Energy Metabolism In Pd

Although the etiology of PD is unknown, the possibility of an underlying defect in mitochondrial metabolism has been addressed in several biochemical studies (76). There is evidence of reduced complex I activity in the substantia nigra in PD, and Gu et al. have suggested that a mitochondrial DNA abnormality may underlie this complex I defect in at least a subgroup of PD patients (77). Studies in other tissues, however, have produced conflicting results, perhaps in part because biochemical studies involve removal of mitochondria from their natural milieu, with consequent mechanical disruption and a loss of normal control mechanisms. In contrast, MRS provides the potential to study mitochondrial metabolism in vivo.

The rate of intracellular energy metabolism is reflected by the ratio of inorganic phosphate (Pi) to phosphocreatine (PCr), readily measured with 31P-MRS. The measurement of this ratio in resting muscle has been shown to be a useful diagnostic test for mitochondrial disease (78). Penn et al. have used 31P-MRS to investigate energy metabolism in muscle in patients with PD. The Pi/PCr ratio was significantly increased in PD, suggesting a small, generalized mitochondrial defect (79). Further studies are needed to determine whether these changes are limited to a clinically definable subset of parkinsonian individuals. 31P-MRS studies of brain have recently been reported in MSA and PD (80). In these studies, patients with MSA showed significantly increased Pi content and reduced PCr content, whereas those with PD showed significantly increased Pi but unchanged PCr, suggesting abnormal energy metabolism in both disorders.

The combination of 31P-MRS and fluorodeoxyglucose/PET has been used to suggest that temporoparietal cortical glyco-lytic and oxidative metabolism are both impaired in non-demented PD patients (81). These observations are consistent with a previous report of temporoparietal cortical reduction in NAA/Cr ratio in nondemented PD patients, which correlated with measures of global cognitive decline independently of motor impairment (73).
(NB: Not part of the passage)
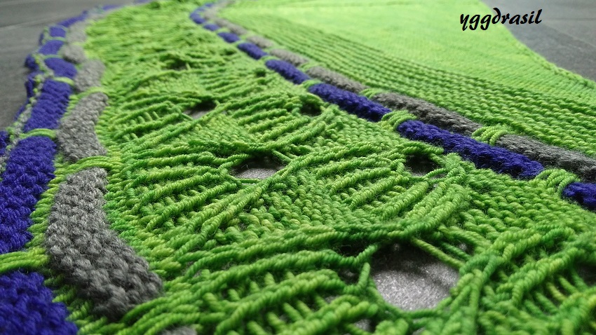 Unfortunately I ran out of the green yarn so there are some parts of the pattern missing. But it turned out large enough after washing and blocking. It’s a nice pattern and I think I’ll knit it again.
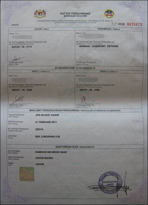 Giấy đăng ký kết hôn của Thu - Kim ở nước ngoài

An alternate approach to study energy metabolism is with 1H-MRS. Normal brain energy production is derived from the oxidative metabolism of glucose by way of the Krebs cycle and, ultimately, the electron transport chain. A defect at the level of either of the two latter processes will result in decreased metabolism of pyruvate through these pathways, and increased production of lactate. Regional brain lactate concentrations can be readily assessed with 1H-MRS. For example, this methodology has been used to demonstrate increased occipital lactate levels, thereby suggesting impaired energy metabolism in Hunting-ton's disease (82). We have found similar changes in some but not all patients with PD (W. R. W. Martin, unpublished observations), providing further evidence for the presence of a mito-chondrial defect in this disorder. In contrast, however, Hoang et al. (83) have reported normal energy metabolism in the putamen and in occipital and parietal lobes when using both 31P- and 1H-MRS in patients with PD.